- **GIVEN ENTRIES**
----

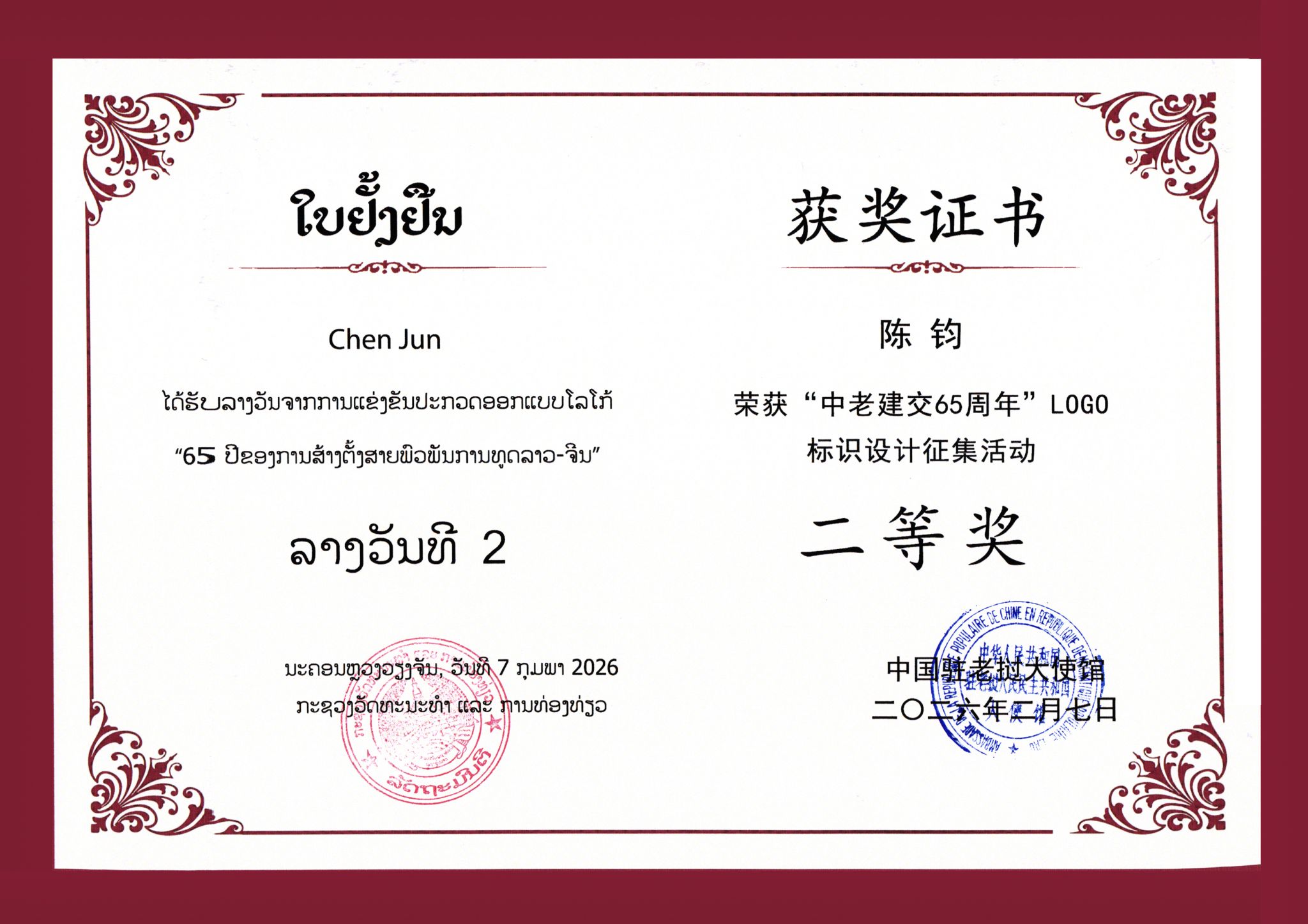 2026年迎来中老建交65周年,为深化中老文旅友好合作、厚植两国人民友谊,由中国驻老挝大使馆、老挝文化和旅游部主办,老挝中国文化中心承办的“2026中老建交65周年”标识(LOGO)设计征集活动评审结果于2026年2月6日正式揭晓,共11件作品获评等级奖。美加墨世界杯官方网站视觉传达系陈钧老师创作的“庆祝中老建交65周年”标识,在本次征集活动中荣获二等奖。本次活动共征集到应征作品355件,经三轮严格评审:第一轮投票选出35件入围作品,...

----

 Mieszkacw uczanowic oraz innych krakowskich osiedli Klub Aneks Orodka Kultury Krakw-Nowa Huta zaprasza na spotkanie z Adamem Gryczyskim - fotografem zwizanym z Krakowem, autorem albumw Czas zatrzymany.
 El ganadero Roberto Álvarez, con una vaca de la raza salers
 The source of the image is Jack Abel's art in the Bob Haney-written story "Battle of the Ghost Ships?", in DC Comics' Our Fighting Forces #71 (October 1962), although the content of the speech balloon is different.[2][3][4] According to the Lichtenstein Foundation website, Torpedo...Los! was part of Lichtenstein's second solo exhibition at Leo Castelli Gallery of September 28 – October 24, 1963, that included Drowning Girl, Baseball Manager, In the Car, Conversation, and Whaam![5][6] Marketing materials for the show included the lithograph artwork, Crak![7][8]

----

- **AIM OF THE EXERCISE**
Please copy the lines above from the line with "El ganadero Roberto" up to and including the line with "The source of", exactly as written and with nothing else.

- **RESULT OF THE TASK**
 El ganadero Roberto Álvarez, con una vaca de la raza salers
 The source of the image is Jack Abel's art in the Bob Haney-written story "Battle of the Ghost Ships?", in DC Comics' Our Fighting Forces #71 (October 1962), although the content of the speech balloon is different.[2][3][4] According to the Lichtenstein Foundation website, Torpedo...Los! was part of Lichtenstein's second solo exhibition at Leo Castelli Gallery of September 28 – October 24, 1963, that included Drowning Girl, Baseball Manager, In the Car, Conversation, and Whaam![5][6] Marketing materials for the show included the lithograph artwork, Crak![7][8]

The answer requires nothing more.